Plaintiff's breach of contract claim is a core proceeding because it concerns "the administration of the estate." 28 U.S.C. § 157(b)(2)(A) and (O); In re Harris, 590 F.3d 730, 738 (9th Cir. 2009) (holding state law breach of contract claims were core proceedings under subsections (A) and (O) because the claims were inextricably intertwined with the trustee's sale of assets.). Furthermore, bankruptcy courts may evaluate rights to future payments to bankruptcy estates. In re Kincaid, 917 F.2d 1162, 1165 (9th Cir. 1990) ("determining the nature and extent of the property of the estate is also a fundamental function of a bankruptcy court . . . [and] fundamental to the administration of a bankruptcy case"). As in In re Harris, Plaintiff's breach of contract claim is inextricably intertwined with the bankruptcy proceedings and concerns the administration of the estate. Therefore, it is a core proceeding.

ii. Injunction

Plaintiff seeks to permanently enjoin Defendant from denying Plaintiff access to its records, its property, and Mint employees. (Dkt. No. 10-1 at 6.) In order to grant relief, the court must first determine whether the property belongs to Plaintiff or the bankruptcy estate. Determining the nature and extent of the property in the estate is a role reserved for bankruptcy courts. See In re Kincaid. 917 F.2d at 1165. Therefore, Plaintiff's injunction claim is a core proceeding.

iii. Conversion

Plaintiff's conversion claim is core because its viability depends on whether the bankruptcy estate includes the relevant parts of the Disputed Assets. Determining what property is included in the bankruptcy estate is central to its administration. Id.

iv. Declaratory Judgment

Plaintiff asks the bankruptcy court to declare that (1) Plaintiff is a separate entity from Mint, (2) Plaintiff owns the Disputed Properties, (3) the Disputed Properties should not be consolidated into the bankruptcy estate, and (4) Plaintiff has enforceable contract rights against the bankruptcy estate in exchange for leasing and subletting the Disputed Properties. (Dkt. No. 2 at 13.) Any court making these declarations would play a substantial role in determining what property is and is not included in the bankruptcy estate. Therefore, this is a core proceeding. See In re Kincaid, 919 F.2d at 1165.

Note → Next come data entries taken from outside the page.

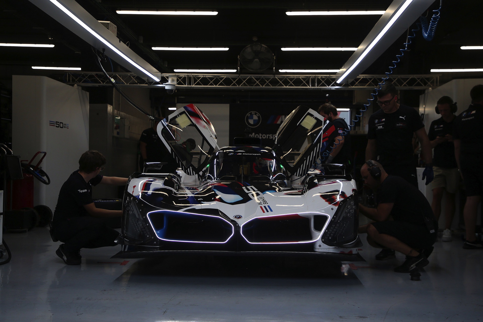 Die beleuchtete Niere wird mehr und mehr zum Markenzeichen von BMW bei Nacht: Nicht nur der neue 7er (G70) und sein elektrischer Ableger i7, auch der BMW M Hybrid V8 für den Einsatz bei diversen Langstrecken-Rennen in aller Welt wird dank der beleuchteten Nieren-Einfassung auch in den Nachtstunden auf den ersten Blick als BMW erkennbar sein. Aktuelle Fotos von den Testfahrten auf dem Circuit de Barcelona-Catalunya liefern uns erste Eindrücke von der Nacht-Optik des LMDh-Rennwagens, der in den nächsten Jahren von hunderttausenden Motorsport-Fans gesehen werden soll.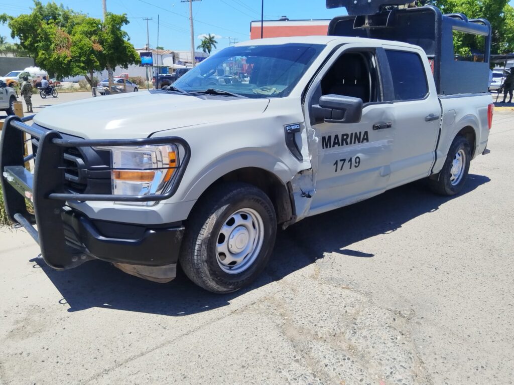 • Vehículo #1: Camioneta tipo pickup, marca Ford, color gris, modelo 2022, con placas de circulación 1719, propiedad de la Secretaría de Marina Armada de México. Se desconoce la identidad del conductor.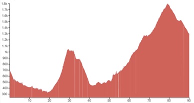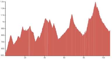 Using both graphs, alongside the grading and terrain information provided, should however give you a good idea of how flat, bumpy or steep the climbing on your particular tour is going to be.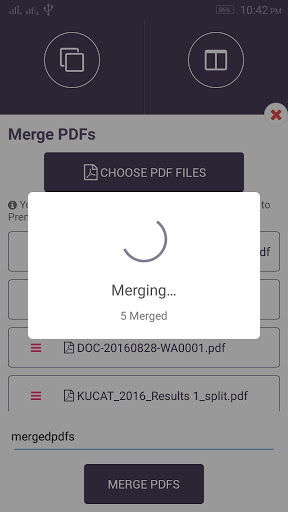 Merge as many as 5 files together and save them into a new PDF file with your desired name.

b. Defendant's Counterclaims

A bankruptcy estate's counterclaim against a party who filed a claim against it is core if resolving the creditor's proof of claim will also resolve the estate's counterclaim. 28 U.S.C. § 157(b)(2)(c). In Stern v. Marshall, the Court established that the test for counterclaims is (1) whether a claim is beyond the scope of the creditor's proof of claim, and (2) whether the claim otherwise requires adjudication in an Article III court. 564 U.S. 462, 496-98 (2011) (finding that a bankruptcy court had no constitutional power to evaluate the debtor's common law tort counterclaims because such claims were beyond the scope of the creditor's proof of claim and were claims of a nature that required an Article III court's adjudication).

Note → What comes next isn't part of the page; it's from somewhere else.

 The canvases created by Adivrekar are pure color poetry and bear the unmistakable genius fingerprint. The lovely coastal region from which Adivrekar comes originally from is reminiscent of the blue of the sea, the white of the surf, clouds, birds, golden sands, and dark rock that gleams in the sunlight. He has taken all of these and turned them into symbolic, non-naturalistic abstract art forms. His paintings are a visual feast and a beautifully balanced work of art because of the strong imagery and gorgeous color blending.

i. Substantive Consolidation

Substantive consolidation claims are core proceedings because they are based on federal bankruptcy law. In re Bonham, 229 F.3d 750, 764 (9th Cir. 2000) ("The theory of substantive consolidation emanates from the core of bankruptcy jurisprudence."). The Ninth Circuit gives bankruptcy courts the complete power to adjudicate claims or equities based on the relationship between several creditors. Id.

ii. Alter Ego

Defendant asks the bankruptcy court to determine that Plaintiff is the alter-ego of Mint. (Dkt. No. 10 at 7.) This is a core proceeding because it goes directly to identifying the property of the estate, which is key to administering it. See 28 U.S.C. § 157(b)(2)(A), (O).

iii. Fraudulent Transfer

Fraudulent transfer claims are statutorily core claims. In re Bellingham Ins. Agency, Inc., 702 F.3d 553, 561-65 (9th Cir. 2012). However, the Ninth Circuit has held that they fail the test provided by Stern v. Marshall and therefore cannot be adjudicated by non-Article III judges without both parties' consent. Id. Plaintiff does not consent. (Dkt. No. 1 at 9-10.) Therefore, the fraudulent transfer claims are treated as non-core for this analysis.

iv. Unjust Enrichment

Plaintiff argues that the counterclaim for unjust enrichment is non-core and Defendant acknowledges that it "may constitute a non-core proceeding." (Dkt. No. 7-1 at 14-15.) The Court agrees. Unjust enrichment does not depend on federal bankruptcy law, and is the type of claim that could proceed in another court. See Sec. Farms, 124 F.3d at 1008.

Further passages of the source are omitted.